**Aim of the task**
Omitting all images, transcribe the listing word for word.
#### Stored data ####
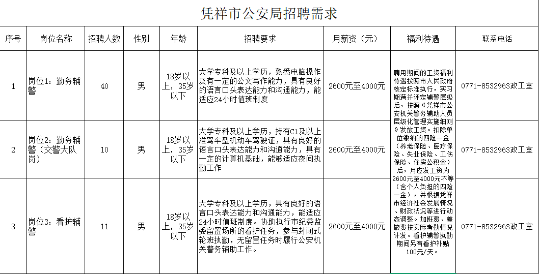 通過(guò)資格審查的人員,憑祥市公安局將統一進(jìn)行筆試、體能測試及面試。
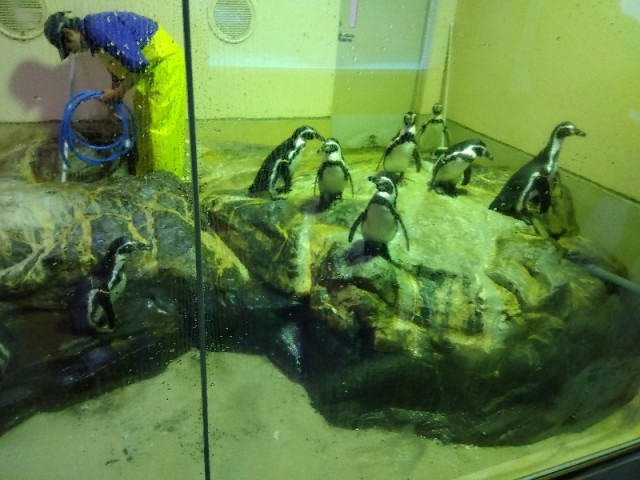 6年 宮島水族館を見学しています。もうすぐペンギンのふれあいタイムです。
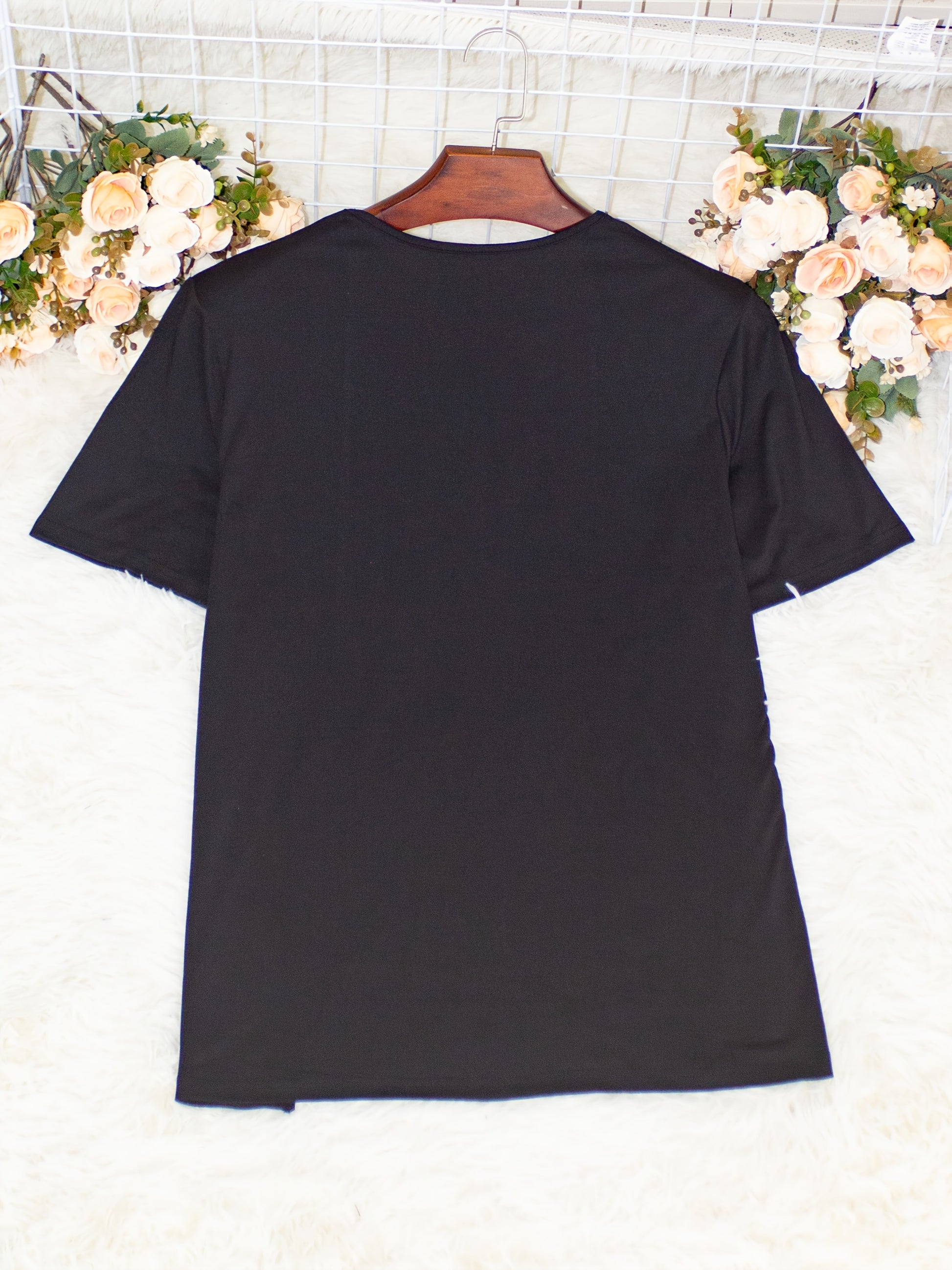Women Plus Size V-Neck Short Sleeve T-Shirt with Galaxy Print Red Black
####
**Your solution**
 通過(guò)資格審查的人員,憑祥市公安局將統一進(jìn)行筆試、體能測試及面試。
 6年 宮島水族館を見学しています。もうすぐペンギンのふれあいタイムです。
Women Plus Size V-Neck Short Sleeve T-Shirt with Galaxy Print Red Black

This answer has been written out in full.